Effect of the Osmotic Pre-Treatment on the Convective Air Drying Kinetics of Pear Var. Blanquilla

, , &
Pages 541-549 | Received 14 May 2005, Accepted 23 Oct 2005, Published online: 06 Feb 2007

Abstract

Kinetics of air drying of fresh and osmotically pretreated pear slices was analyzed. Osmotic treatments were applied for 0.5, 3, and 48 hours in 50°Brix sucrose solutions at 30°C. Air drying was carried out at 45, 55, and 65°C, 2.2 m/s air rate. Drying curves were modelled through a Fickian equation, obtaining the effective diffusion coefficient in each case. This coefficient was markedly affected by the temperature and by the osmotic pretreatment, ranging between 6.5 × 10− 12 to 5.8 × 10 − 10 m2/s. A significant relationship between the De, and the inverse of the initial solute content of the samples was found. Activation energy of the drying process was similar for fresh and osmotically pretreated samples for 0.5 and 3 hours, but increased considerably when long osmotic treatment time was applied. Total drying time increased in osmodehydrated samples, but process yield, in terms of sample weight loss, increased.

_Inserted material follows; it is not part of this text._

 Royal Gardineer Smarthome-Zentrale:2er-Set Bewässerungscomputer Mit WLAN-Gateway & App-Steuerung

These effects were more marked when long osmotic pretreatment times were used.

INTRODUCTION

Osmotic dehydration (OD) of fruits and vegetables by immersion in liquids with a water activity lower than that of food has received considerable attention in recent years as an air-drying pretreatment. This dehydration method, in which the simultaneous transfer of water out and solutes into the material takes place, can be used before air drying in order to reduce the food water content by 30 to 70% of the original amount. Several studies applying osmotic dehydration before drying report that yield and quality of fully dehydrated or intermediate moisture products are improved.[Citation1] Among the advantages of OD pre-treatments which have been reported, can be found: a) protection afforded to the product against structural collapse and structural disorganization, b) better texture and lower shrinkage,[Citation2,Citation3,Citation4] c) smaller changes in color and flavor than those caused by air drying by thermal effects,[Citation3,Citation5] d) shortening of the second stage drying time by up to 60% with a minimum energy savings of 20%.[Citation6,Citation7]

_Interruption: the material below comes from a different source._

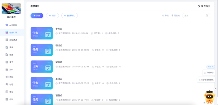 · 任务点设置:支持视频、文档、线下课堂、AI实践等17种任务点类型

Published results reveal that osmotic pre-treatment implies changes in mass transport properties of the product during air drying as a result of the structural changes induced by the pre-treatment, as it can be observed in previous works.[Citation8,Citation9] In general, a decrease in the water effective diffusion coefficient (De) has been observed in osmotically pretreated tissues; the greater the solute uptake in this step, the greater the De decrease.[Citation1,Citation3,Citation6,Citation7]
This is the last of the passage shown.